Exercise 2: Shape Primitives
This exercise will provide an introduction to the various 2D and 3D shape primitives used in OpenGL and GLUT.
Preliminaries
Please create a directory ~/cgi/ex2 and copy /vol/www/ee/Teaching/Courses/CGI/exercise2/* to ~/cgi/ex2. You should now be ready to start.
1. Primitives: Point/Line/Triangle
(i) Open the file 'draw.c'
which is a basic program for drawing 2D shapes
- the program is setup to draw
a three points of size of 1 pixel
(ii) Compile and run the program
make -f make_draw
./draw
You should see a window containing three
points
(iii) Modify the program to draw a line between pairs of points given by
GL_LINES
the line width can be modified with glLineWidth()
(iv) Next draw a closed loop of lines using
GL_LINE_LOOP
- this should show the outline of a triangle
(v) Now modify the program to draw a single coloured triangle using GL_TRIANGLES
(vi) Add one additional vertices to draw two triangles using GL_TRIANGLE_STRIP
glVertex2f(0.5,0.5);
(vii) Next draw the same polgygon using GL_QUADS and GL_POLYGON
(vii) Change the colour of each of the vertices so that they are different
for each vertex using
glColor3f(r,g,b) to specify individual colours for vertices
All shapes in OpenGL are drawn using the primitives (point/line/triangle) covered in this section.
2. Vertex Arrays
The primitives shapes in the previous section were created by specifiying individual vertices
between the glBegin() and glEnd()
statements.
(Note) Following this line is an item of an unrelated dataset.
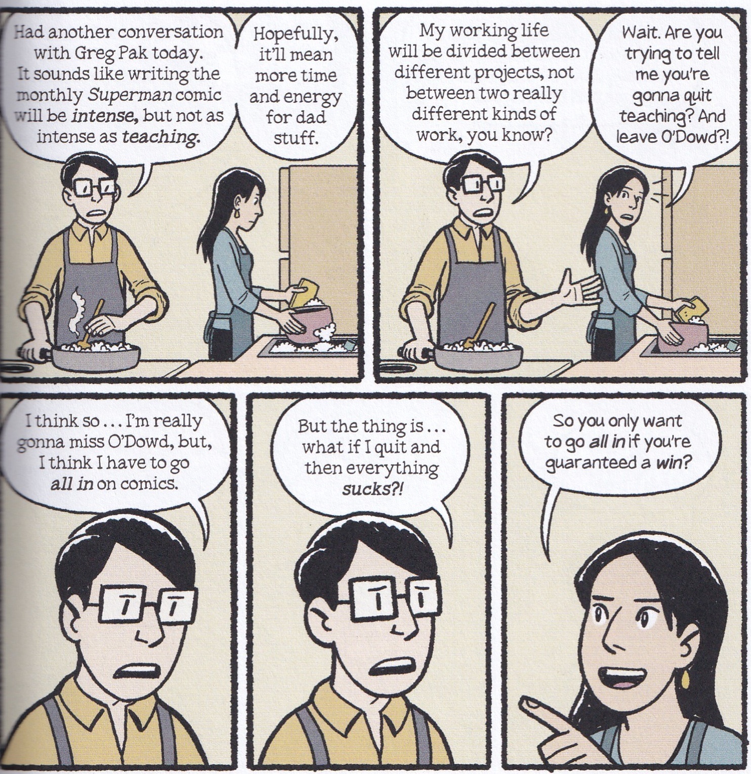 This comes full circle when Yang himself gets the chance to write Superman and decides to embrace writing comics full-time, quitting his teaching job in the process. He makes it clear that he couldn’t have done that without the example the kids on the team set for him.
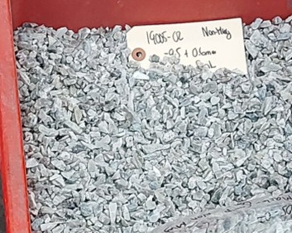 The spodumene concentrate was produced using a simple DMS-only (+ magnetic separation) flowsheet which was fed by a master-composite of drill core material,representing anticipated early mine-life (Figure 2). This master composite included 15% non-pegmatite host-rock dilution to better represent a conservative (in terms of dilution content) commercial mining operation scenario.

This is inefficient for large numbers of polygons as it
requires one function call glVertex2f()
for each vertex plus an addition function call for each vertex
property glColor3f() etc. The use of repeated function calls can dominate
drawing time for large shapes. OpenGL has a mechanism called 'vertex
arrays' which allow specification of vertices and
related data such as colour in arrays which can be accessed directly
with a small number of function calls. In this exercise you will modify
the primitive drawing program
to use vertex arrays.
Three modifications are required to use vertex arrays:
(i) Enable the use of a vertex array by adding the
following command in the GL initialisation:
glEnableClientState(GL_VERTEX_ARRAY);
(ii) Specify data for the vertex array by declaring a static array of
vertices at the start of the program
static GLfloat vertices[]=
{-0.5,-0.5,
0.5,-0.5,
0.0,0.5,
0.5,0.5};
(iii) Next, specify how the data is stored in the array using the command
glVertexPointer(2,GL_FLOAT,0,vertices);
in the display function.
The vertex pointer function is specified as follows:
glVertexPointer(GLint size,GLenum type,GLsizei stride,GLvoid
*pointer);
size - number of coordiantes for each vertex
type - specifies the data
type
stride - byte offset
between consecutive vertices
pointer - pointer to the
vertex array
(iv) To draw a triangle using the vertex array there are a number of methods
Try implementing each
method to verify that they produce the same result.
Method 1: Dereference a single
array element
To draw a single
triangle:
glBegin(GL_TRIANGLES);
glArrayElement(0);
glArrayElement(1);
glArrayElement(2);
glEnd();
Note: when the first array element is dereferenced the entire array is sent from the client to
the
server for rendering.
Method 2: Dereference a list of
array element
This method uses a second array of indicies to define one or more primitives:
At the start of the program define a
static array
static GLubyte triangle1[] = {0,1,2};
In the display function
glDrawElements(GL_TRIANGLES,3,GL_UNSIGNED_BYTE,triangle1);
Method 3: Dereference a
sequence of array elements
This
functions constucts the entire sequence of primitives
from all enabled arrays
glDrawArrays(GL_TRIANGLE_STRIP,0,4);
(v) Now create a second array to store the vertex colours and enable vertex
colouring following steps
(i)-(iii) above. Use
functions:
glEnableClientState(GL_COLOR_ARRAY);
glColorPointer(....);
You should now be able to draw the coloured triangles
with methods 1-3 above. Note using
the vertex arrays you do not require function calls to glVertex*() & glColor*()
for each vertex.
3.. 3D Shape Primitives
GLUT provides several routines for drawing common 3D shapes.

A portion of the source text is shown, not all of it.